> _Work item_:
In the data below, begin at the line with "зарядки карданного шарнира" and stop after the line with "- Dress berwarna"; output those lines exactly and no pictures.

> _Data to use_:
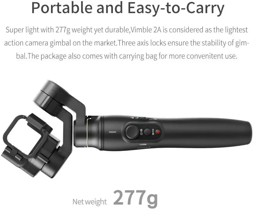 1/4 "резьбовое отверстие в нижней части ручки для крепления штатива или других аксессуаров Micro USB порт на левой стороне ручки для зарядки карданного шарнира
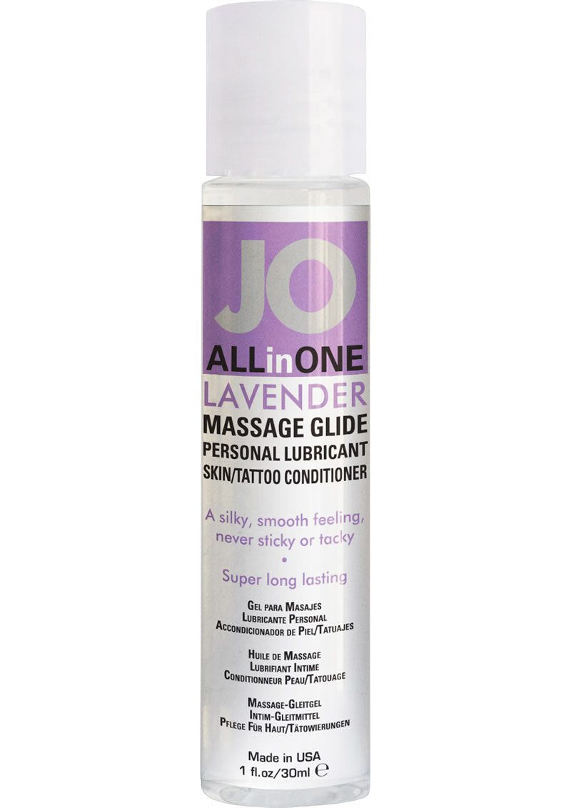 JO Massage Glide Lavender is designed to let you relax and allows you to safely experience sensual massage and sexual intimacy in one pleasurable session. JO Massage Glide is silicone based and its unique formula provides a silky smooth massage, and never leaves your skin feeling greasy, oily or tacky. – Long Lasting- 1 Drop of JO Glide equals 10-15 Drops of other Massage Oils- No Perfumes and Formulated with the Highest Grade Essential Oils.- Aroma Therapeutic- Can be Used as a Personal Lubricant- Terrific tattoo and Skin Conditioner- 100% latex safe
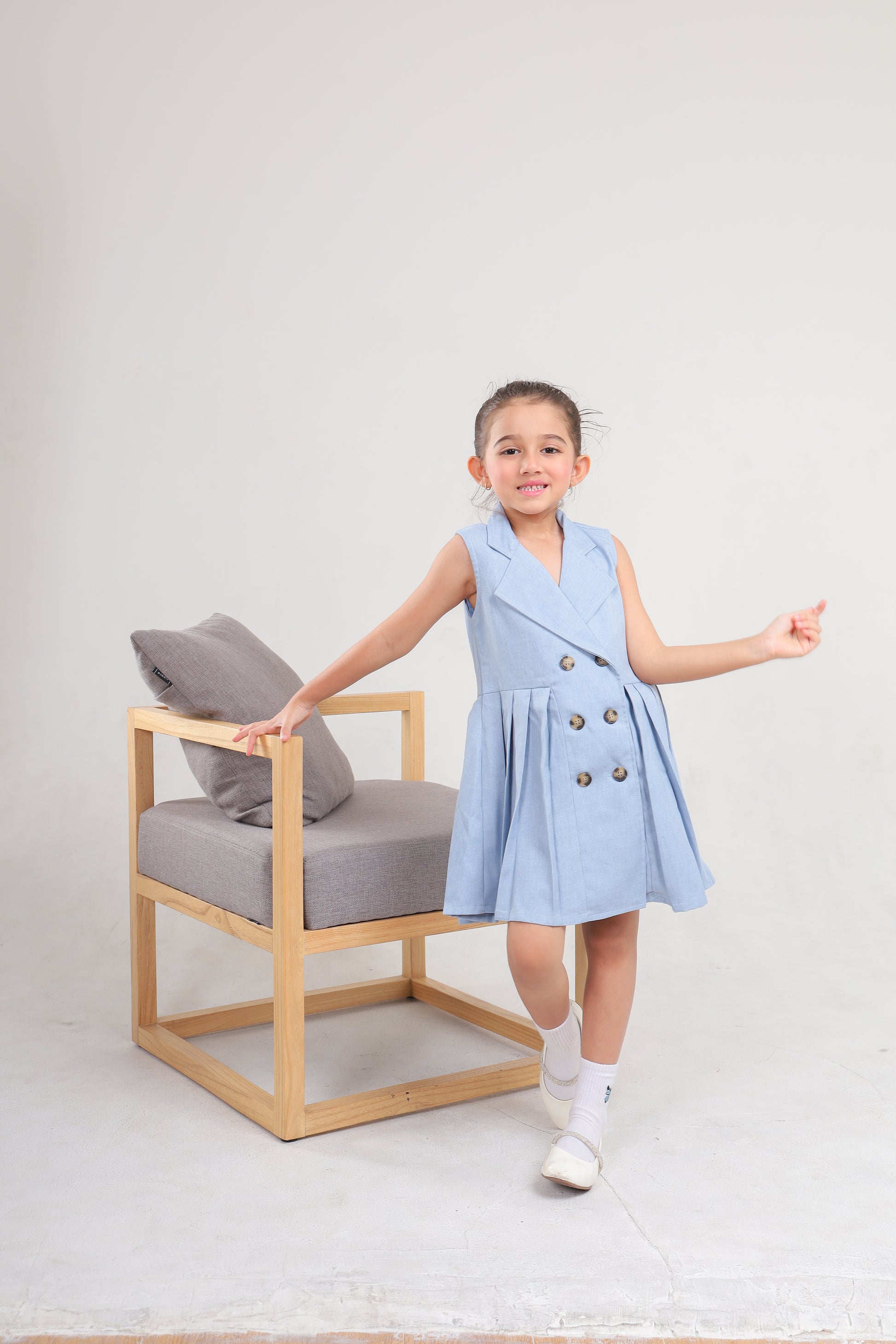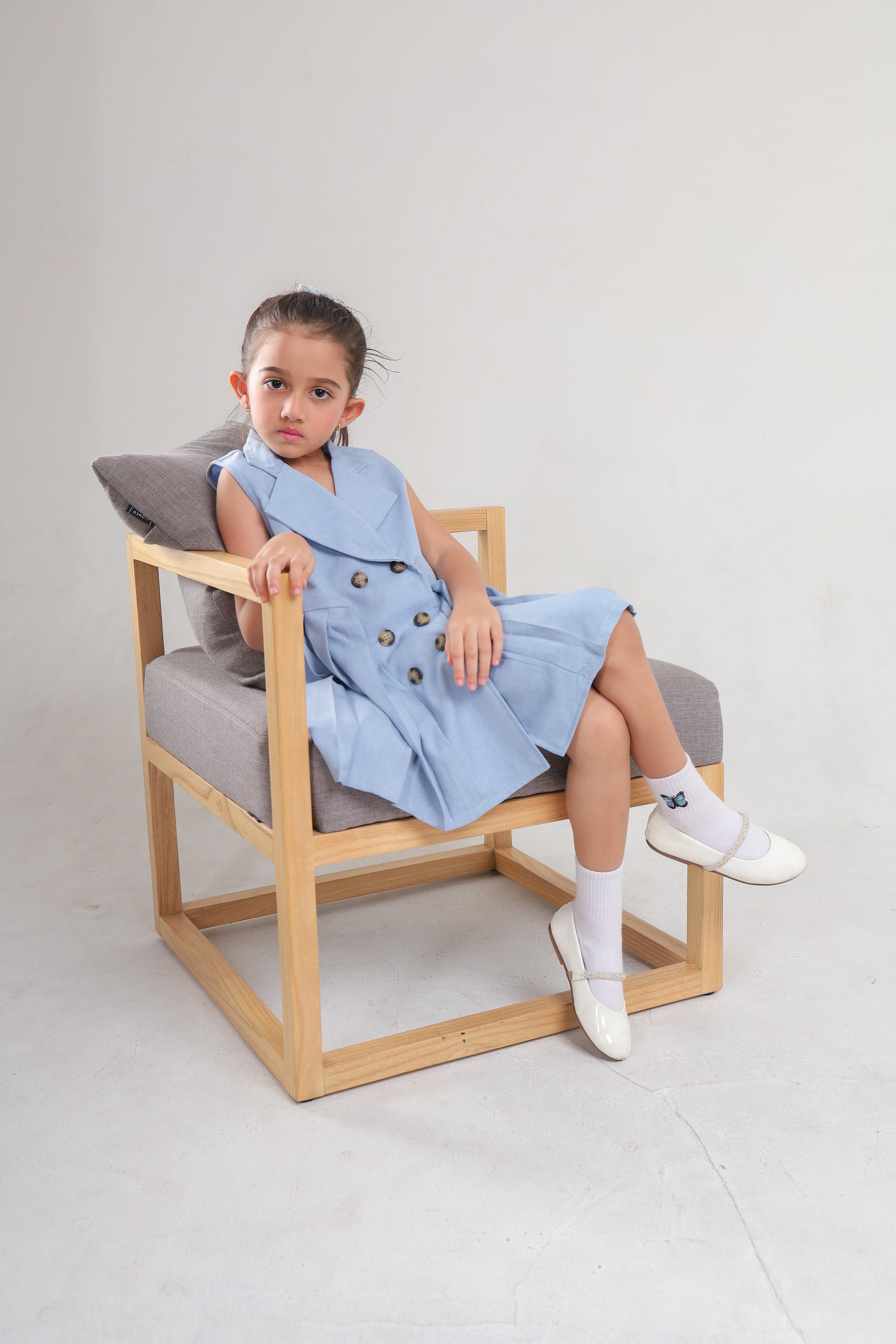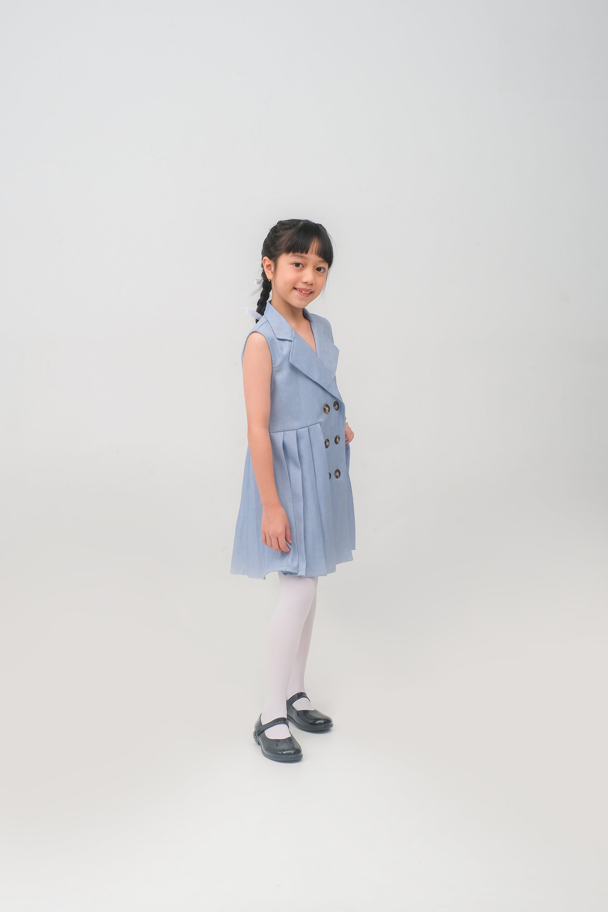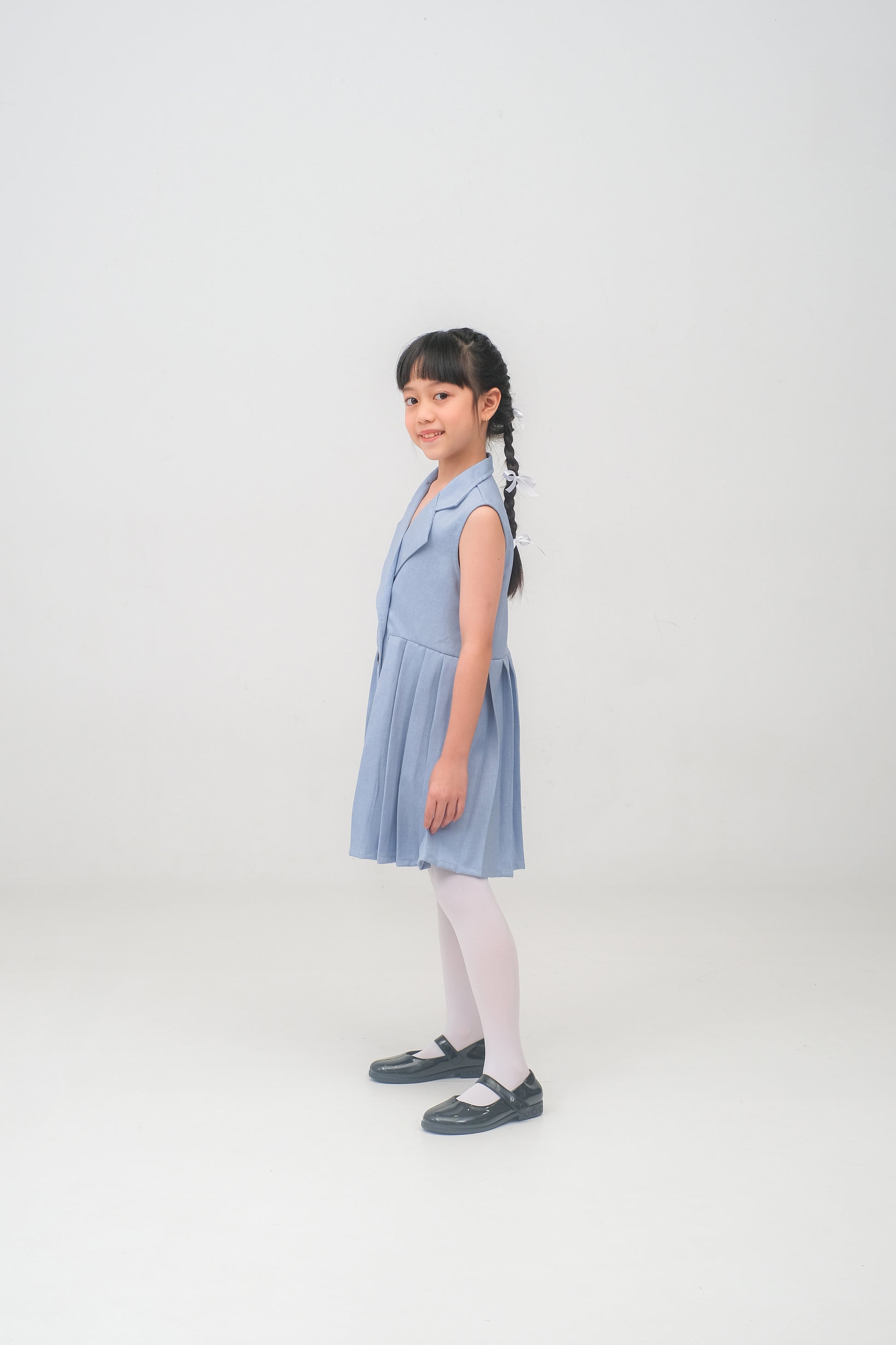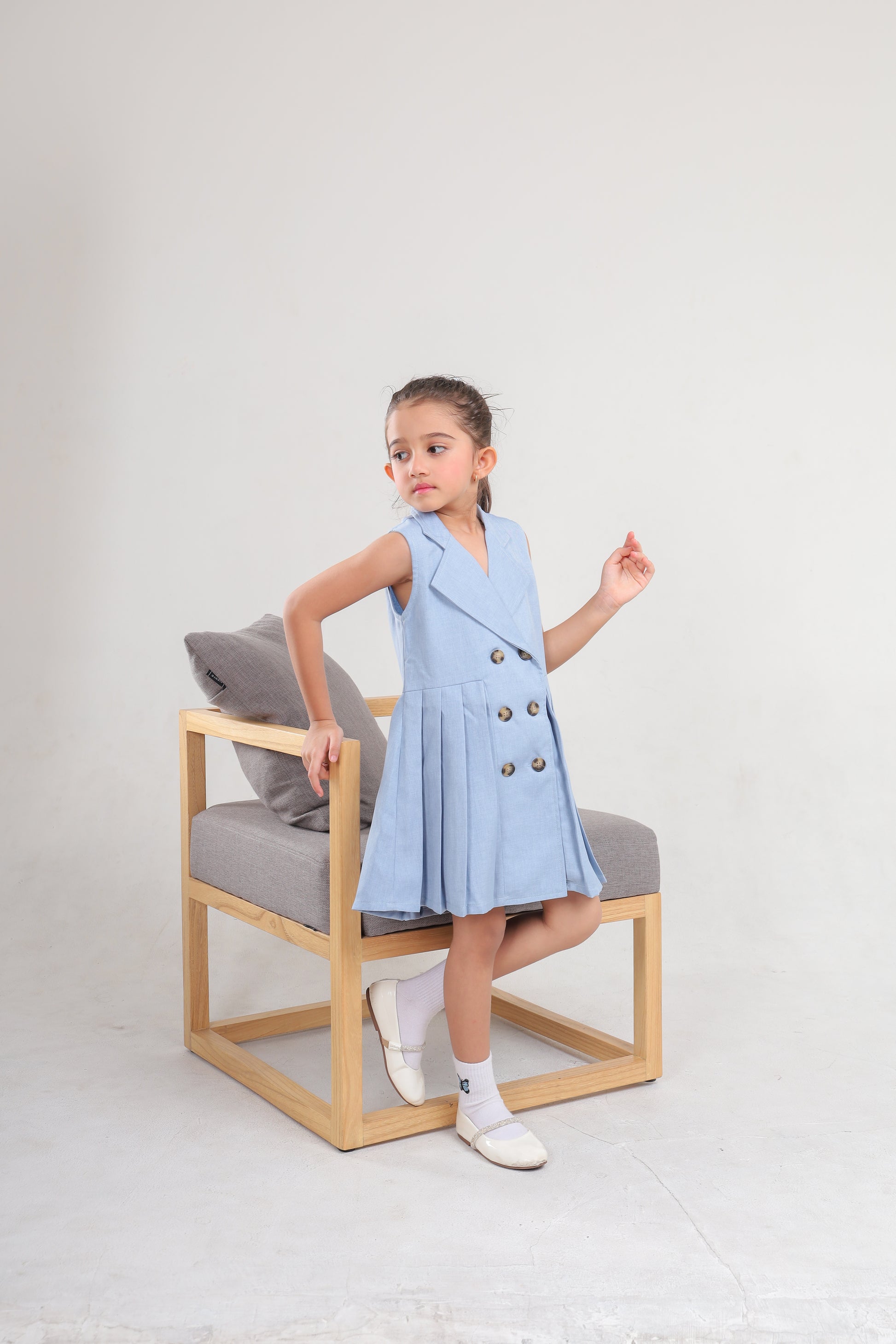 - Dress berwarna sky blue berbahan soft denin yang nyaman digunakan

---

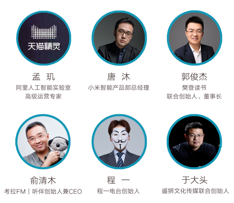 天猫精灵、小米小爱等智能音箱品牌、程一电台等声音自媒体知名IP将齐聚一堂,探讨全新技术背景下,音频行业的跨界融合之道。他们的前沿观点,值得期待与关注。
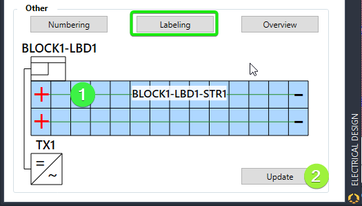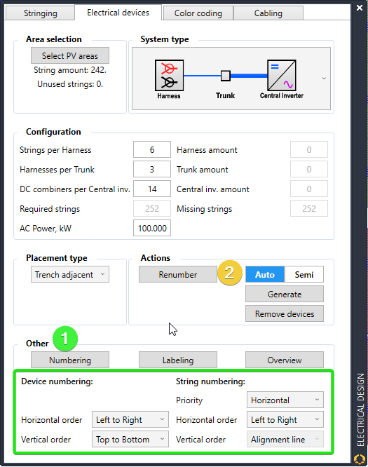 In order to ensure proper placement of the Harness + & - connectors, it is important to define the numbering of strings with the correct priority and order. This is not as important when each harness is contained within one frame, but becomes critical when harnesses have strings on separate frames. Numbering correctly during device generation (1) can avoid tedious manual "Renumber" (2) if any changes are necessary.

> _Solution for this task_:
 1/4 "резьбовое отверстие в нижней части ручки для крепления штатива или других аксессуаров Micro USB порт на левой стороне ручки для зарядки карданного шарнира
 JO Massage Glide Lavender is designed to let you relax and allows you to safely experience sensual massage and sexual intimacy in one pleasurable session. JO Massage Glide is silicone based and its unique formula provides a silky smooth massage, and never leaves your skin feeling greasy, oily or tacky. – Long Lasting- 1 Drop of JO Glide equals 10-15 Drops of other Massage Oils- No Perfumes and Formulated with the Highest Grade Essential Oils.- Aroma Therapeutic- Can be Used as a Personal Lubricant- Terrific tattoo and Skin Conditioner- 100% latex safe
 - Dress berwarna sky blue berbahan soft denin yang nyaman digunakan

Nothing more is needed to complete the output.